Das Finanzgericht hat mit beachtlichen Gründen ausgeführt, daß der Kläger durch die Kürzung seiner ARM aufgrund von § 4 Abs. 1 MGV i. d. F. der 27. Änderungverordnung zur MGV, einer Vorschrift, die in Anwendung des einschlägigen Gemeinschaftsrechts (Art. 4 Abs. 1 i. V. m. Art. 3 Abs. 1 VO Nr. 3950/92) ergangen ist, nicht in seinen Rechten verletzt worden sei.

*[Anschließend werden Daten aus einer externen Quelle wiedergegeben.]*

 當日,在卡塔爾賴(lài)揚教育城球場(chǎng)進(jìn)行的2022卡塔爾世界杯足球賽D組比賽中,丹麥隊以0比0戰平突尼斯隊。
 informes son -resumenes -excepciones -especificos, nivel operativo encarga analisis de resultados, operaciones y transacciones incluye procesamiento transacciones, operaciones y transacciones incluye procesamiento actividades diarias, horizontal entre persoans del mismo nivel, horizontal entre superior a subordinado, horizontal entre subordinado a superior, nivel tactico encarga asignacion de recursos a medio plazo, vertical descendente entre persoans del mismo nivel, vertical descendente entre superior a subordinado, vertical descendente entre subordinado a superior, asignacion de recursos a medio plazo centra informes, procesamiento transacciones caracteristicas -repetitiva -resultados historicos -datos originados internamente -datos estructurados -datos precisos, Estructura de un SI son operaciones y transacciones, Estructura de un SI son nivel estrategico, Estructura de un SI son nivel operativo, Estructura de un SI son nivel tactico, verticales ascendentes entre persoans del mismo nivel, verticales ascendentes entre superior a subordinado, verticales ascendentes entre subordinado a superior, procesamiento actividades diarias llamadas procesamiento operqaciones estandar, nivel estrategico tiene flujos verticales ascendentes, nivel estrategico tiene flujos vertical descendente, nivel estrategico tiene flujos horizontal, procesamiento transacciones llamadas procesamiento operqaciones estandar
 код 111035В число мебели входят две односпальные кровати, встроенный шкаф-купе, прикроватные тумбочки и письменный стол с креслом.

Durch die entschädigungslose Kürzung der ARM sei der Kläger nicht in seinen Grundrechten verletzt, insbesondere könne darin keine enteignende Maßnahme gesehen werden. Auch liege keine Benachteiligung der von der Kürzung betroffenen Milcherzeuger im Gegensatz zu jenen vor, die bereits gegen Entschädigung die Milchproduktion in der Vergangenheit aufgegeben hätten. Der Kläger könne sich auch nicht auf einen Vertrauenstatbestand berufen, nach dem auch weiterhin die Kürzung der ARM nur gegen Entschädigung zu erwarten sei. Ein solcher bestehe auch nicht deswegen, weil sich die ARM des Klägers durch Zukauf von Quoten mit Hilfe von Land und Europäischer Gemeinschaft (EG) um 67 000 kg Milch erhöht habe. Zum Zeitpunkt des Zukaufs der Quoten habe nicht festgestanden, welche marktregulierenden Maßnahmen die EG im Milchsektor zukünftig ergreifen würde.

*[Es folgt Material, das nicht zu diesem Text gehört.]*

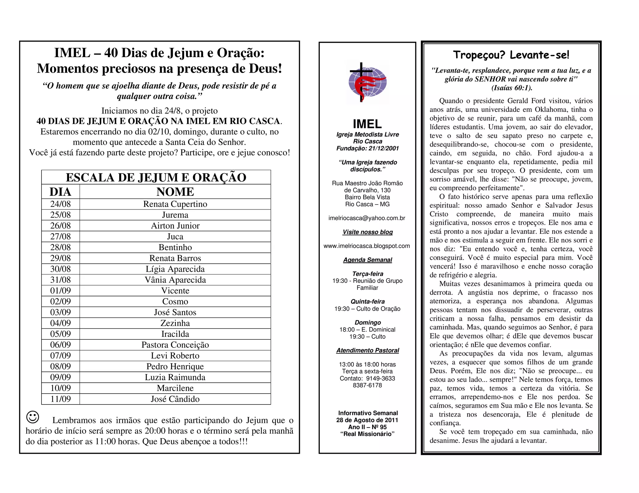 Este documento resume um projeto de 40 dias de jejum e oração na Igreja Metodista Livre de Rio Casca (IMEL). O projeto começou em 24 de agosto e terminará em 2 de outubro, durante o culto dominical que antecederá a Santa Ceia. O documento lista os nomes das pessoas que participarão do jejum diário e contém reflexões sobre como Jesus compreende nossos erros e nos ajuda a levantar quando tropeçamos.
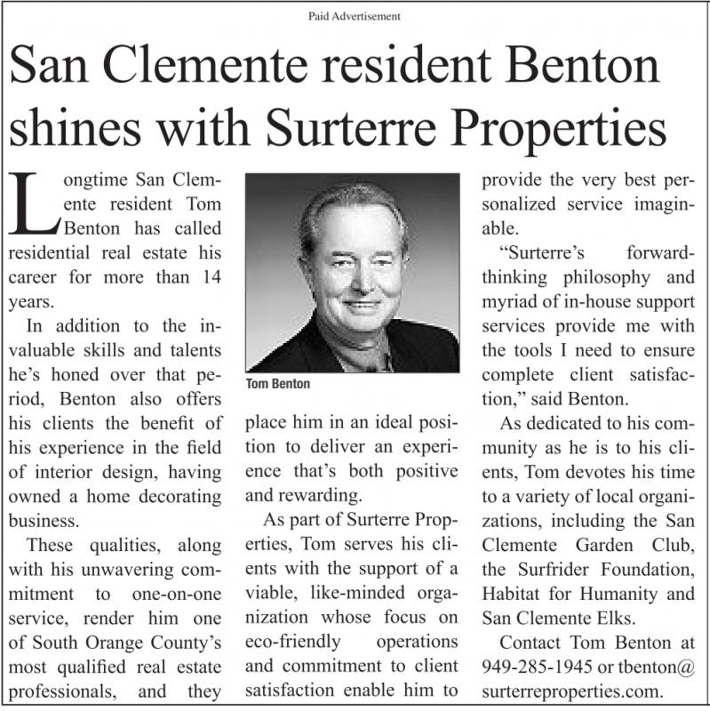 Longtime San Clemente resident Tom Benton has called residential real estate his career for more than 14 years. In addition to the invaluable skills and talents he’s honed over that period, Benton also offers his clients the benefit of his experience in the field of interior design, having owned a home decorating business. These qualities, along with his unwavering commitment to one-on-one service, render him one of South Orange County’s most qualified real estate professionals, and they place him in an ideal position to deliver an experience that’s both positive and rewarding. As part of Surterre Properties, Tom serves his clients with the support of a viable, like-minded organization whose focus on eco-friendly operations and commitment to client satisfaction enable him to Paid Advertisement San Clemente resident Benton shines with Surterre Properties TomBenton provide the very best personalized service imaginable. “Surterre’s forwardthinking philosophy and myriad of in-house support services provide me with the tools I need to ensure complete client satisfaction,” said Benton. As dedicated to his community as he is to his clients, Tom devotes his time to a variety of local organizations, including the San Clemente Garden Club, the Surfrider Foundation, Habitat for Humanity and San Clemente Elks. Contact Tom Benton at 949-285-1945 or tbenton@ surterreproperties.com.
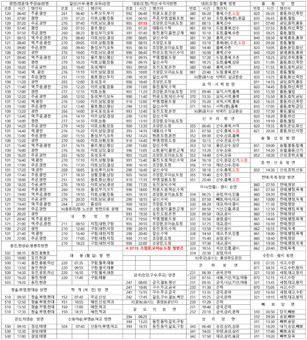 홍주여객자동차㈜ 농어촌버스 운행 시간표(홍성터미널)

Hinzuweisen ist insbesondere auch auf die Entscheidungsgründe des Urteils des Gerichts 1. Instanz der Europäischen Gemeinschaften vom 13. Juli 1995 verb. Rsn. T-466/93, T-474/93 und T-477/93 (EuGHE 1995 II-2071), die, auf den Streitfall übertragen, die Vorentscheidung stützen könnten.

4. Im Hinblick darauf, daß der High Court of Ireland den EuGH bereits -- in einem möglicherweise ähnlichen Fall angerufen und ihm -- Fragen zur Gültigkeit des auch im Streitfall durch seine in Art. 4 Abs. 1 VO Nr. 3950/92 erfolgte Inbezugnahme entscheidungserheblichen Art. 3 VO Nr. 3950/92 sowie der ihm vorausgehenden Bestimmungen vorgelegt hat (Rs. C-22/94, ABlEG Nr. C 76/11), über die noch nicht entschieden worden ist, sind jedoch nach Auffassung des Senats Zweifel an der Gültigkeit des Art. 4 Abs. 1 i. V. m. Art. 3 Abs. 1 VO Nr. 3950/92 nicht auszuschließen, so daß er sich zur Anrufung des EuGH verpflichtet sieht.

5. Dem EuGH wird deshalb gemäß Art. 177 Abs. 1 Buchst. b und Art. 177 Abs. 3 des Vertrages zur Gründung der Europäischen Gemeinschaft folgende Frage zur Vorabentscheidung vorgelegt: Ist die Regelung in Art. 4 Abs. 1 i. V. m. Art. 3 Abs. 1 VO (EWG) Nr. 3950/92 mit der Gemeinschaftsrechtsordnung, insbesondere der Eigentumsgarantie, dem Gleichbehandlungs- und dem Vertrauensschutzgrundsatz vereinbar, durch welche die aufgrund des Art. 5 c Abs. 3 Buchst. g der VO (EWG) Nr. 804/68 i. d. F. der VO (EWG) Nr. 816/92 vorzunehmenden Aussetzungen eines Teils der den Erzeugern zugeteilten Referenzmengen entschädigungslos in eine dauerhafte Kürzung der Referenzmenge umgewandelt worden sind, ohne wenigstens vom Erzeuger hinzuerworbene Referenzmengen von der Kürzung auszunehmen?